It's being defined right there and then. It's a way of carrying whatever comes before T across to the next type, similar to:

<some stuff> T
<some stuff> reference to T

It's just whatever comes before T in the type of T D1.

For example, if you have the declaration int& (*const * p)[30], T is int, D is & (*const * p)[30] and D1 is (*const * p)[30]. The type of T D1 is "pointer to const pointer to array of 30 int". And so, according to the rule you quoted, the type of p is "pointer to const pointer to array of 30 reference to int".

Of course, this declaration is then disallowed by §3.4.2/5:

There shall be no references to references, no arrays of references, and no pointers to references.

I think the informal terminology of it being a derived declarator type list comes from the C standard's definition of a derived type (similar to a compound type in C++):

Any number of derived types can be constructed from the object, function, and incomplete types, as follows:

  • An array type [...]
  • An structure type [...]
  • An union type [...]
  • An function type [...]
  • An pointer type [...]

In response to the comments: It seems you're getting confused between the type and the declarator. For example, if int* p is the declarator, then the type of p is "pointer to int". The type is expressed as these English-like sentences.

Example 1: int *(&p)[30]

This is a declaration T D where (§8.3.1 Pointers):

  • T -> int
  • D -> *(&p)[3]

D has the form:

* attribute-specifier-seqopt cv-qualifier-seqopt D1

where D1 is (&p)[3]. That means T D1 is of the form int (&p)[3] which has type "reference to array of 3 int" (you work this out recursively, next step using §8.3.4 Arrays and so on).
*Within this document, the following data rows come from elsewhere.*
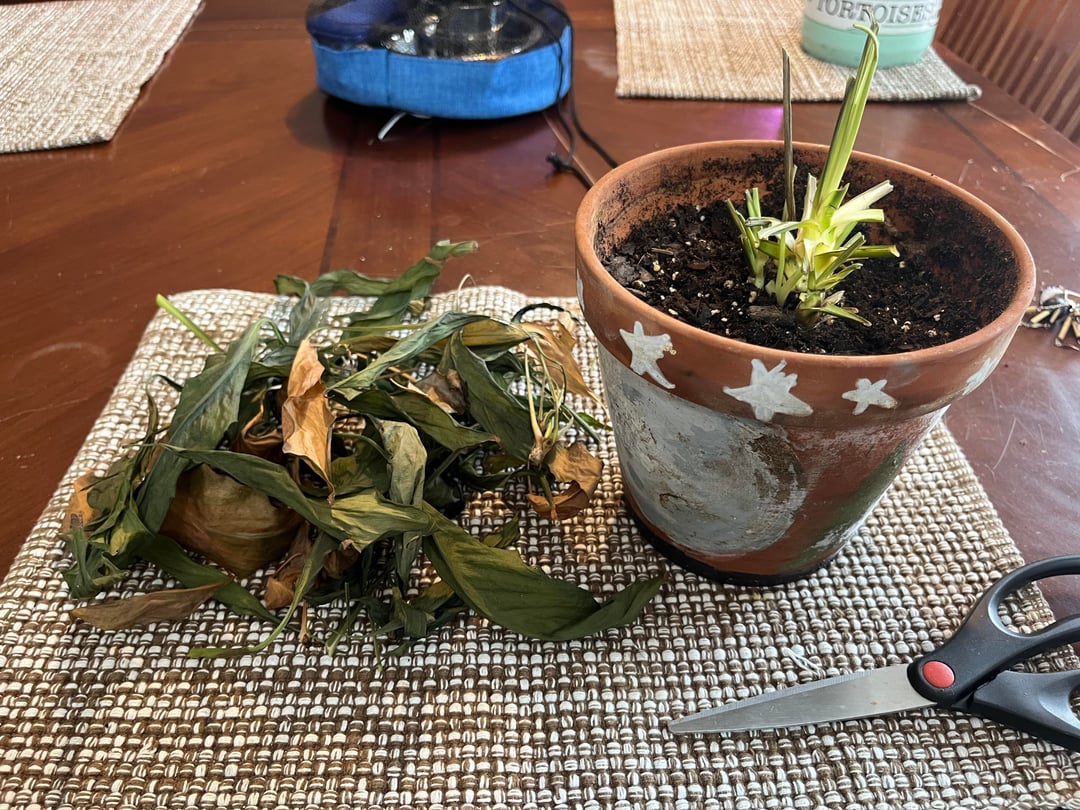 I’ve had a rough spell recently and only just now have gotten around to watering my plants again. I think there’s still some green left on this Peace lily but I can’t tell since I’m colorblind.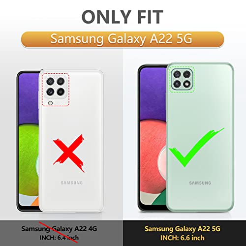 ☎【Vestibilità Perfetta Galaxy A22 5G】: Cover trasparente perfettamente adatta per Samsung Galaxy A22 5G, supporta la ricarica wireless. Ritagli esatti per tutte le porte e i pulsanti, facile accesso a tutte le funzioni originali senza rimuovere la custodia.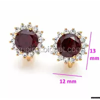 Серьги-клипсы, Цветок с красным цирконием, позолота Xuping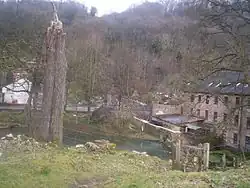 Former mill viewed from the footpath below Slinter Wood. The Via Gellia road is behind the pond and was used to transport lead from the mines above Bonsall to the smelter and canal wharf at Cromford.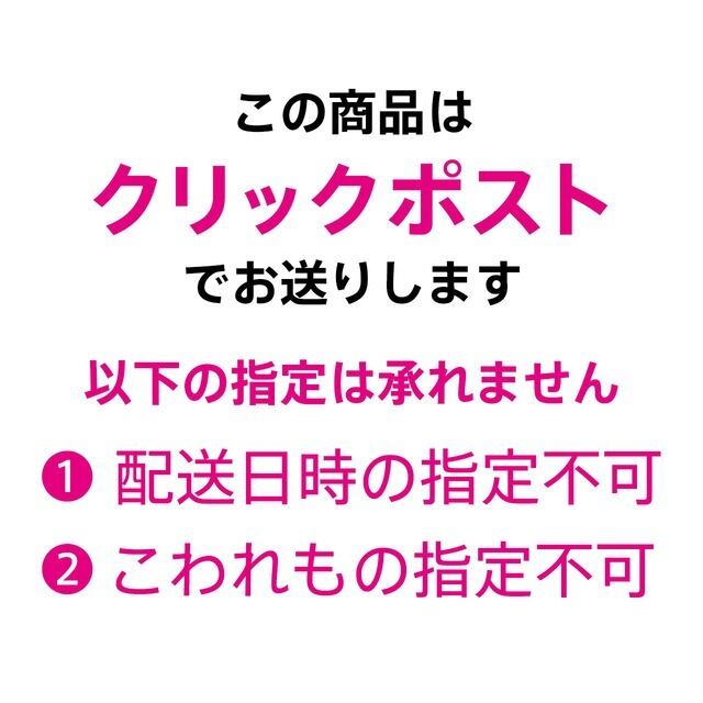 この商品はクリックポストでお送りする商品のため、「配送日指定」や「こわれもの」の指定ができません。また、記入いただいた住所の不備など、当店の瑕疵ではない事情により受け取りができずに当店へ差し戻された商品を再発送する際は実費の配送料を別途頂戴いたします。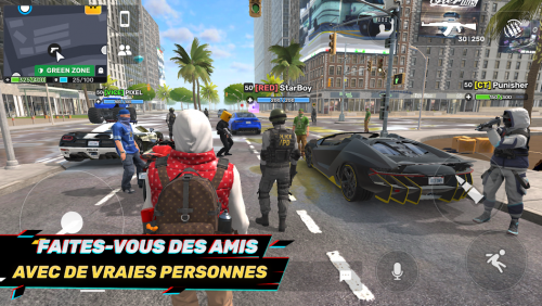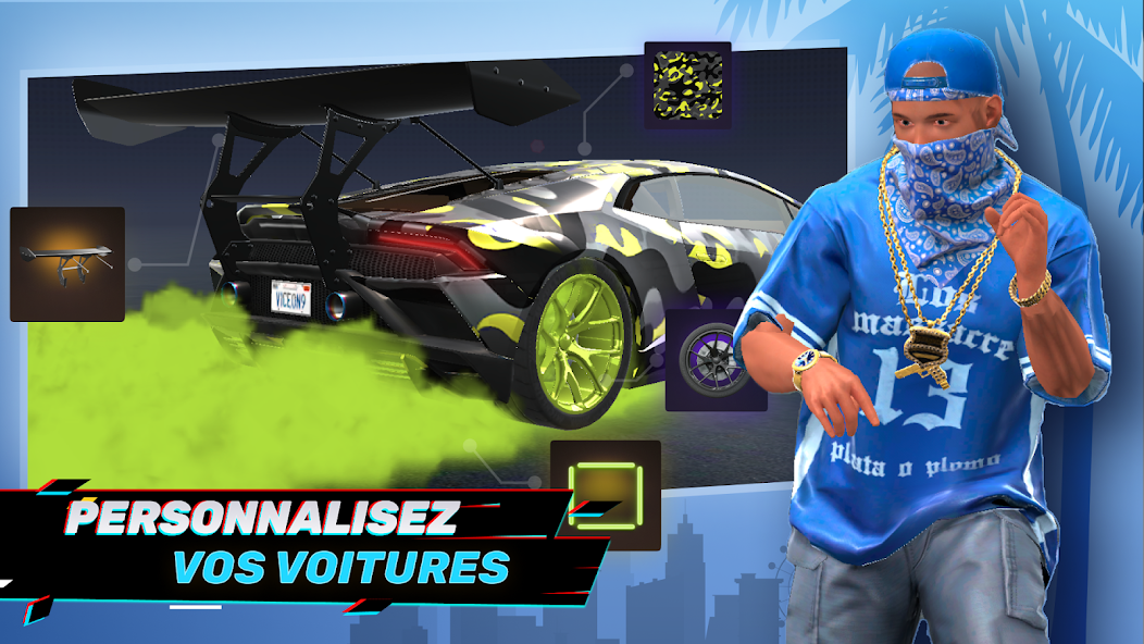 Les lieux d’action vous plongent dans des rues qui rappellent New York, Miami ou Los Angeles. Choisissez votre mode de déplacement — à pied ou en voiture. Les véhicules ne sont pas seulement des moyens de transport, mais également des outils pour des courses, des poursuites ou des évasions. Et si la puissance du moteur ne vous satisfait plus, vous pouvez améliorer votre voiture, autant sur le plan esthétique que technique.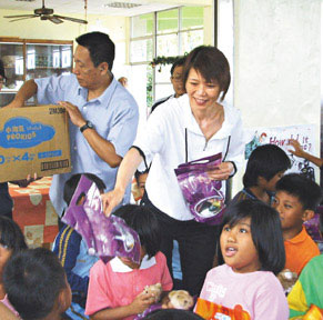 周美青向小朋友發放小熊玩具及餅干。來源:臺灣《聯合報》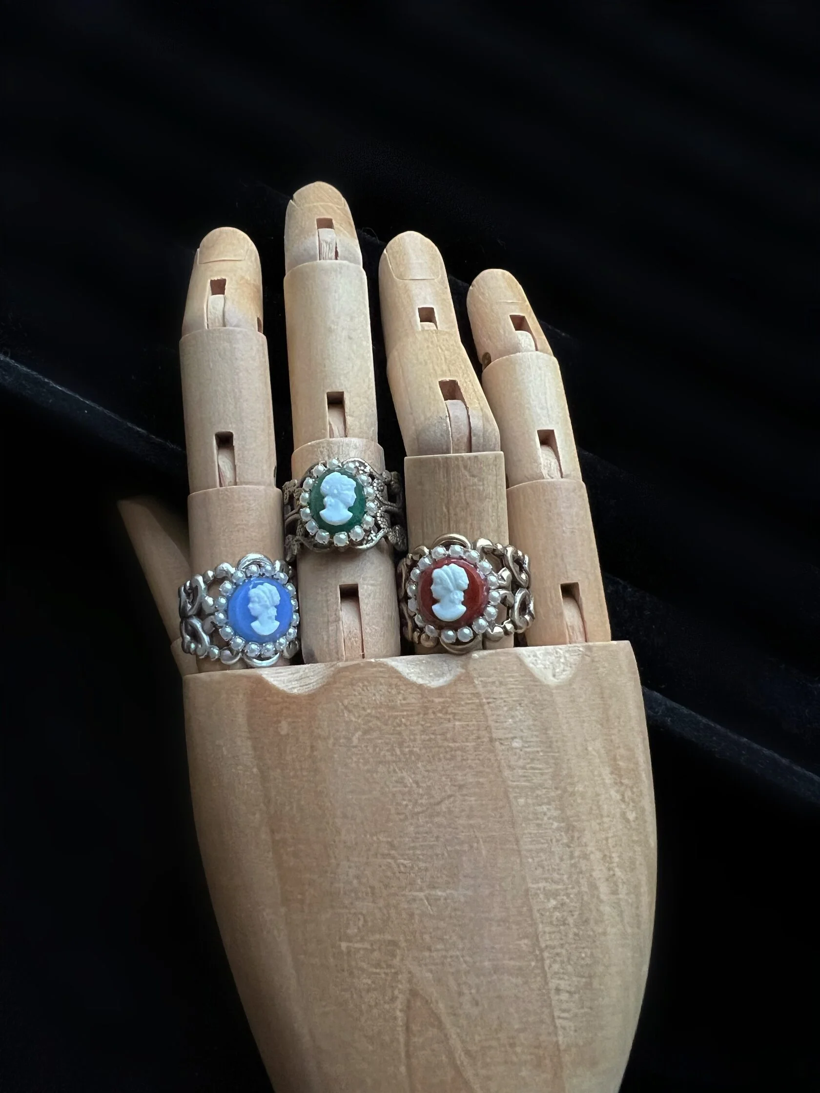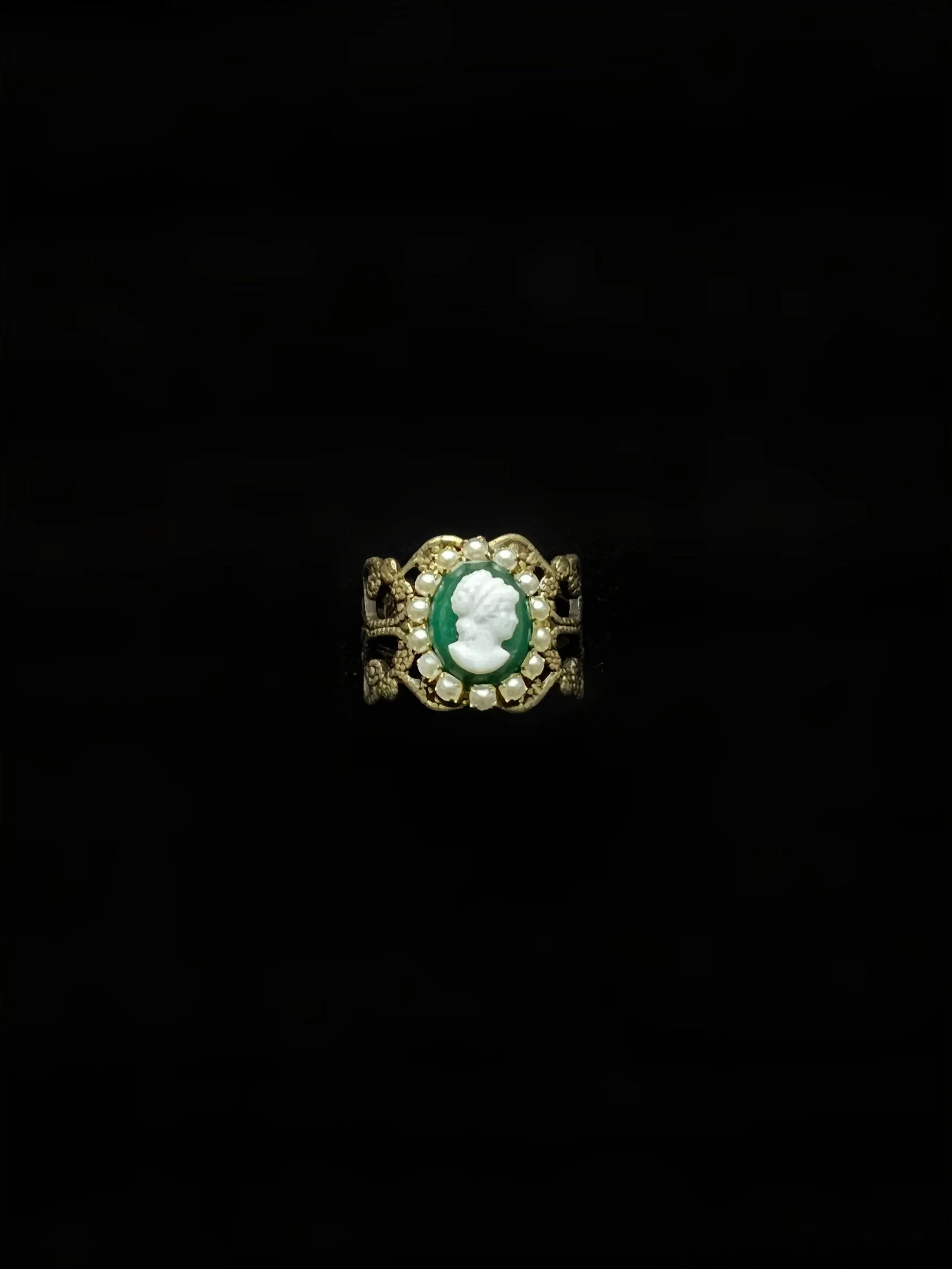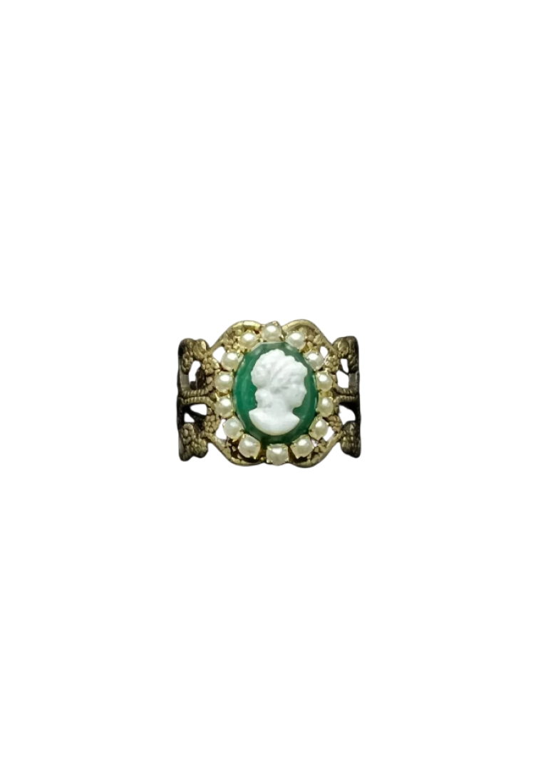 Барочный перстень украшен винтажной камеей (Яблонец, Чехия) и декорирован искусственным жемчугом. Регулируемый размер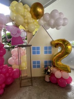 A custom pastel house backdrop created the perfect setting, combined with soft pink, blush, cream and yellow balloon installations that felt like fluffy clouds of happiness. The oversized gold number “2” added a glamorous touch, celebrating this special milestone in style.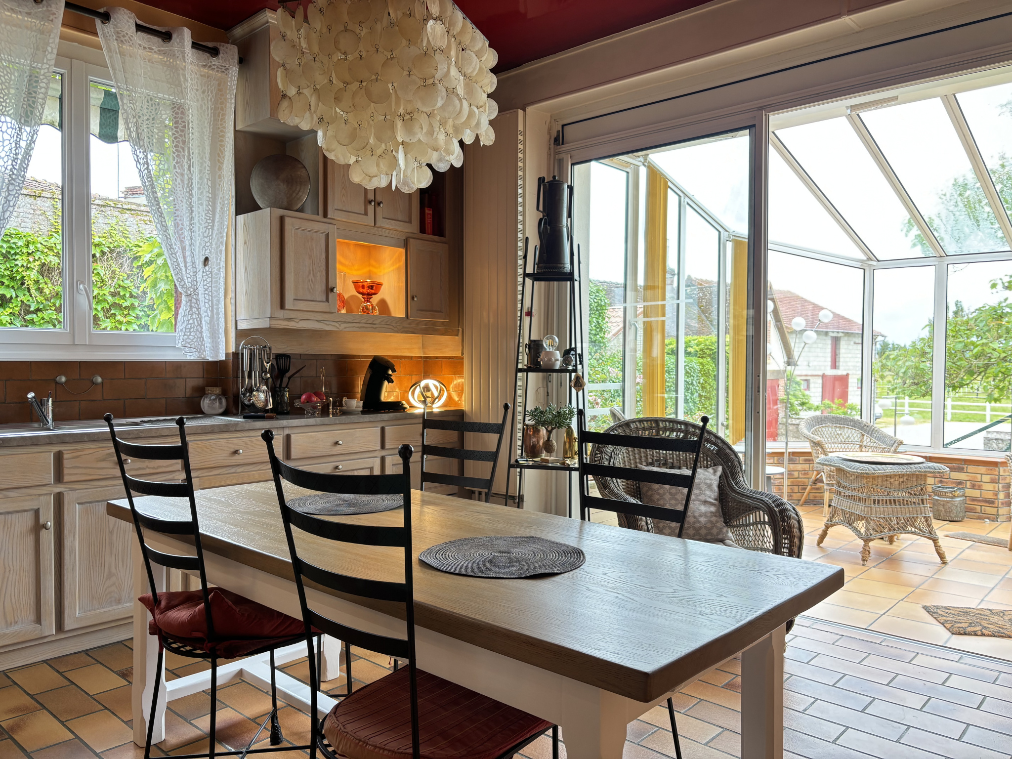 Édifiée dans les années 50, cette belle maison familiale de 195 m2, au coeur du bourg, a conservé tout le charme de ses matériaux d'origine : parquets, escaliers, cheminées. Elle propose : séjour, salon, cuisine équipée, véranda ouvrant sur terrasse, bureau, buanderie, ainsi que 4 chambres à l'étage, salle de bains et dressing. Le second étage offre encore du potentiel avec 2 chambres à rénover et 2 greniers.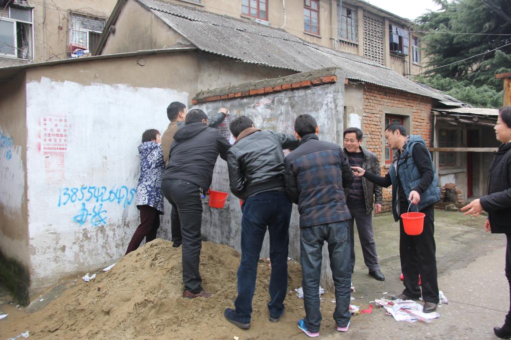 在职党员们集中清理墙壁上的“牛皮癣”(摄影:吴秀清)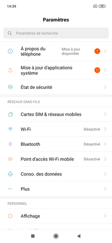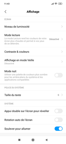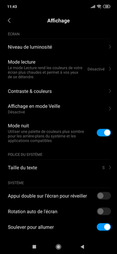 Les amateurs de mode sombre seront quant à eux servis puisqu’il est proposé dans la ROM de ce Xiaomi Mi 9. Il suffit de faire glisser le curseur « Mode nuit » dans « Paramètres / Personnel / Affichage »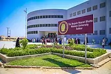 First ever public sector Women University in the Upper Sindh was established at Rohri,[2] in the name of Begum Nusrat Bhutto by the government of Sindh through the act of parliament.[3] Begum Nusrat Bhutto Women University ( بیگم نصرت بھثو ويمن يونيورسٹى) is located at the National Highway N-5 bypassing Rohri city of Sukkur District. It is exclusively for women, having the arts, science, business, and computer science faculties. Initially the departments of Education, English, mass communication, business, Mathematics and Biological and Human Sciences have started their teaching programs.[4] The construction work of the university is looked after by the project director appointed by Government of Sindh and is carried out by M/s Global Engineering Services Rawalpindi, Currently the construction work is at its full swing.[5]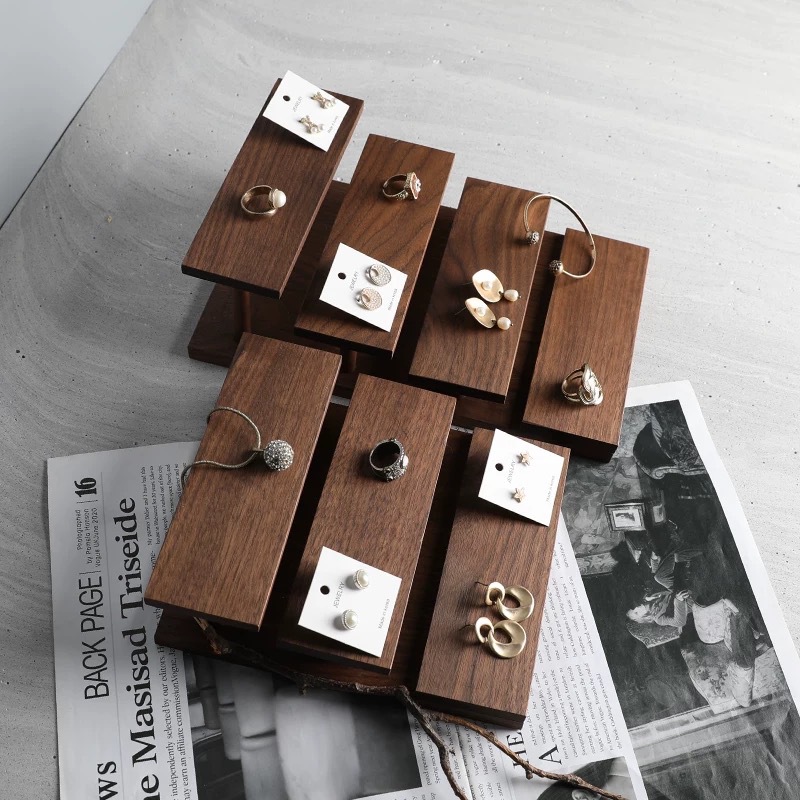 Walnut Jewelry Display Props Jewelry Tray Earrings Necklace Bracelet Ladder Display Stand Jewelry Solid Wood Base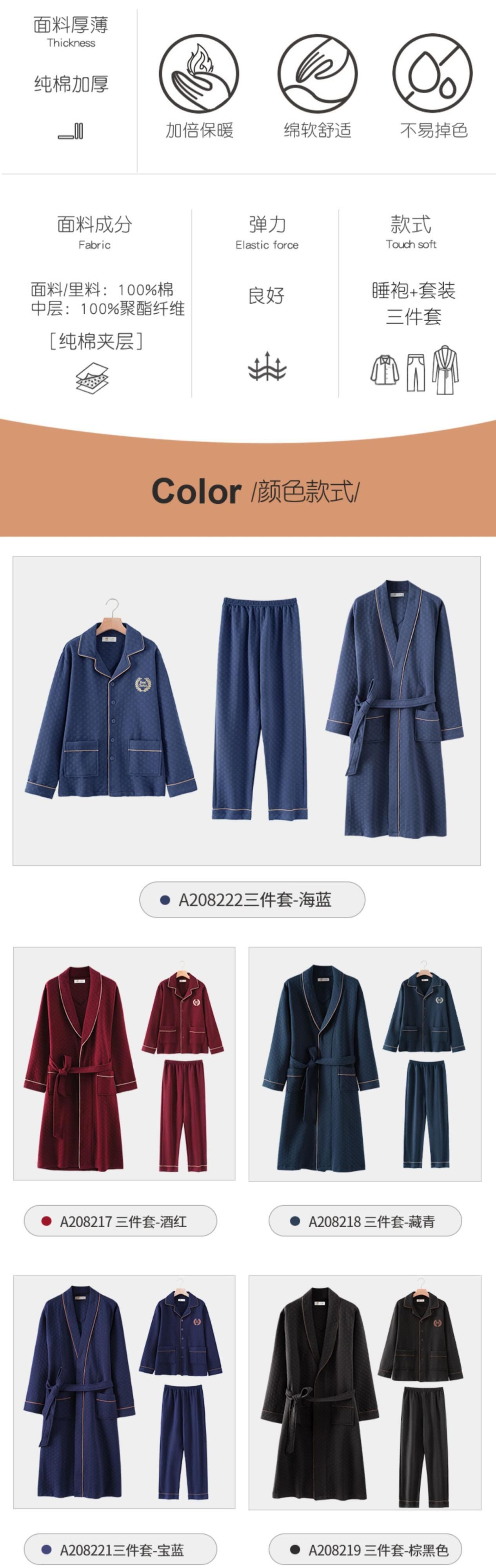 パジャマメンズ春秋モデル秋厚ピュアコットン長袖コットンミディアム厚エアコットン中間層ナイトガウンスリーピーススーツ jial22346793547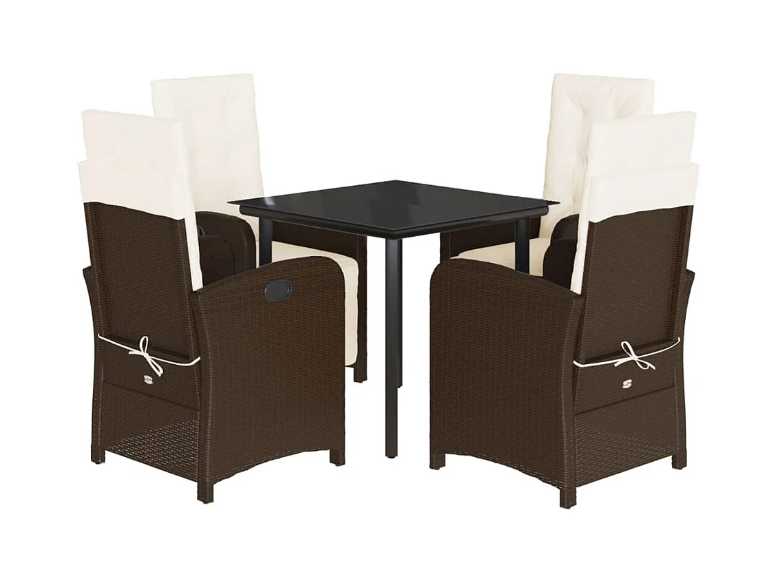 Vessira 5-delige Tuinset met kussens poly rattan bruin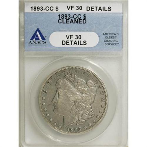 <B>1893-CC $1 --Cleaned--ANACS VF30 Details.</B></I> NGC Census: (84/1735). PCGS Population (98/3467). Mintage: 677,000. Numismedia Wsl. Price for NGC/PCGS coin in VF30: $855. (#7222)<BR><BR><B>Coin Engraver:</B> George T. Morgan<BR><BR><b>Shipping:</b> Coins & Currency (<a target="_blank" href="http://www.heritageauctions.com/common/shipping.php">view shipping information</a>)

Everything before the int is the derived-declarator-type-list. So we can infer that p in our original declaration has type "reference to array of 3 pointer to int". Magic!

Example 2: float (*(*(&e)[10])())[5]

This is a declaration T D where (§8.3.4 Arrays):

  • T -> float
  • D -> (*(*(&e)[10])())[5]

D is of the form:

D1 [ constant-expressionopt ] attribute-specifier-seqopt

where D1 is (*(*(&e)[10])()). This means T D1 is of the form float (*(*(&e)[10])()) which has type "reference to array of 10 pointer to function of () returning pointer to float" (which you work out by applying §8.3/6 and then §8.3.1 Pointers and so on). Everything before the float is the derived-declarator-type-list. So we can infer that p in our original declaration has type "reference to array of 10 pointer to function of () returning pointer to array of 5 float". Magic again!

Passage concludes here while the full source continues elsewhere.